Chathura C. Ekanayake wrote:
We want to allow users to configure registry database in
different ways (e.g. using a data source, using a connection
URL, specify whether to start in-memory database if other
database is not available).
So we provide few methods in the JDBCRegistry to configure them.
We only want the registry to initialize after those parameters
are configured.
And we don't know whether the user is specifying them or not at
the construction time. Therefore, user has to call init() after
configuring them.
Alternative would be to have 3 constructors.
1) JDBCRegistry() - Use default datasource name if available. If
not available, use in-memory DB
2) JDBCRegistry(String datasourceName, boolean allowInMemoryDB)

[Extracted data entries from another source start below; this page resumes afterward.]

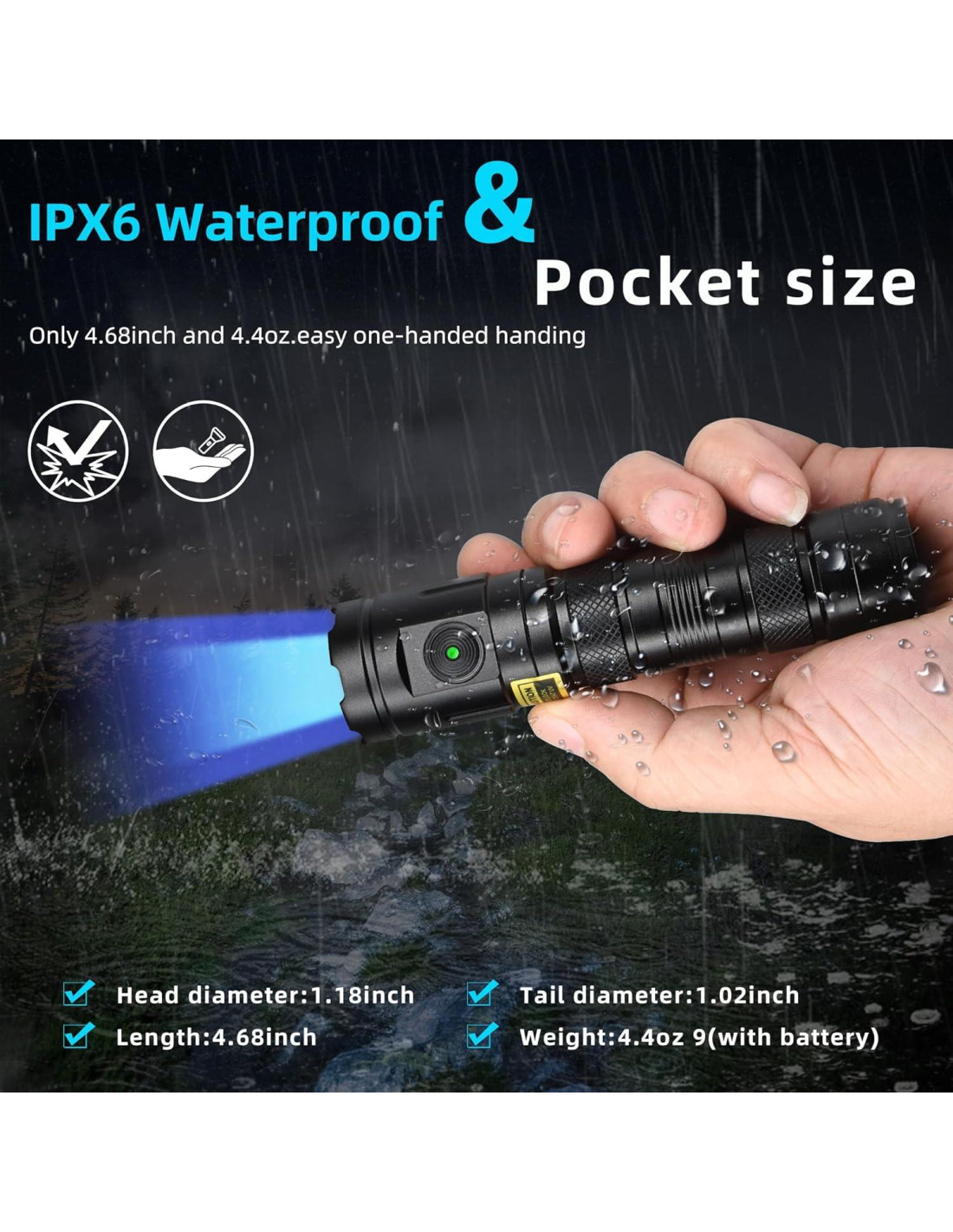 - [Linterna a Prueba de Agua IPX4 & Vida Conveniente] Linterna a prueba de agua IPX4 viene con sellos de goma engrosados para asegurar que no se cortocircuite en ambientes húmedos. No teme a la lluvia o la nieve. Puerto de carga oculto, la luz indicadora de energía en el interruptor lateral se volverá roja, para recordarle que recargue a tiempo cuando la energía sea insuficiente. Evita inconvenientes innecesarios causados por el apagado sin batería.
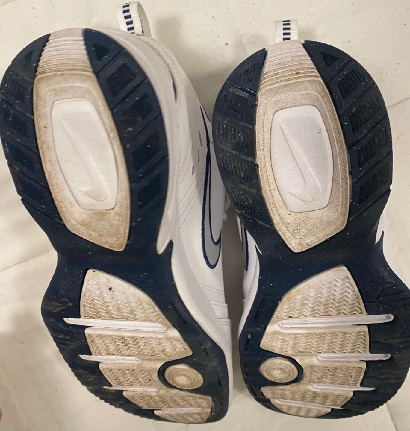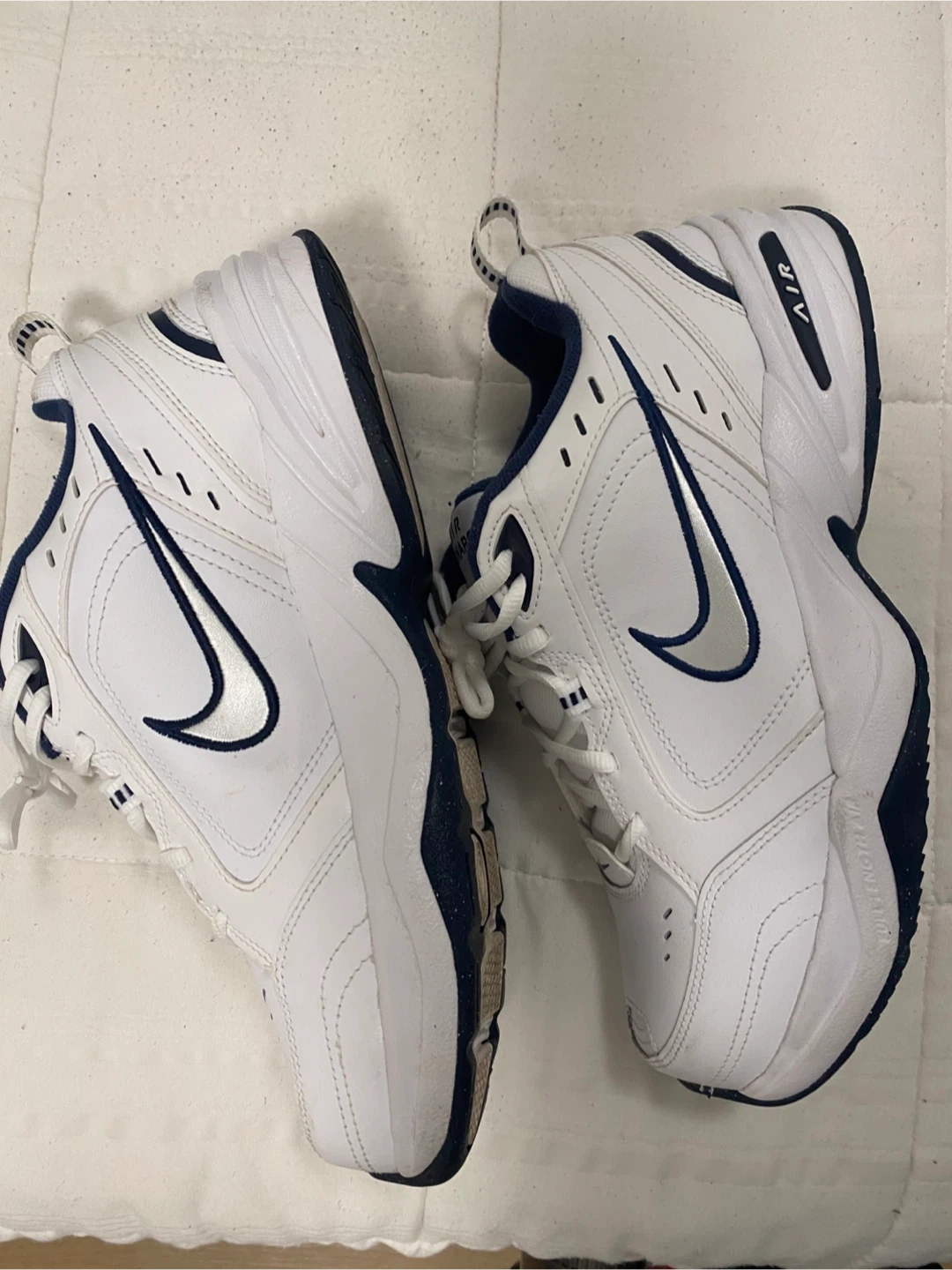 Selling a pair of Nike Air Monarch IV sneakers in white and navy. Hardly worn like new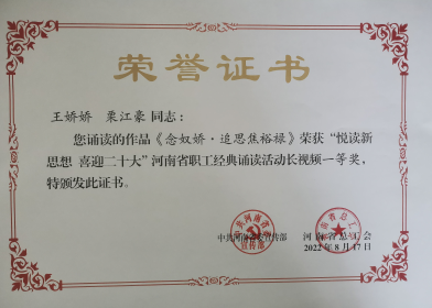 河南省總工會(huì)職工經(jīng)典誦讀活動(dòng)一等獎(jiǎng)

- Use given data source. If not available, use in-memory DB
depending on the allowInMemoryDB parameter value
3) JDBCRegistry(String driverClass, String URL, String userName,
String password, boolean allowInMemoryDB) - Use given connection
URL to connect to the DB
Thanks,
Chathura
Paul Fremantle wrote:
Chathura C. Ekanayake wrote:
JDBCRegistry registry = new JDBCRegistry();
registry.init();
Love it! That's what I was looking for.
Last question - why do we need init()?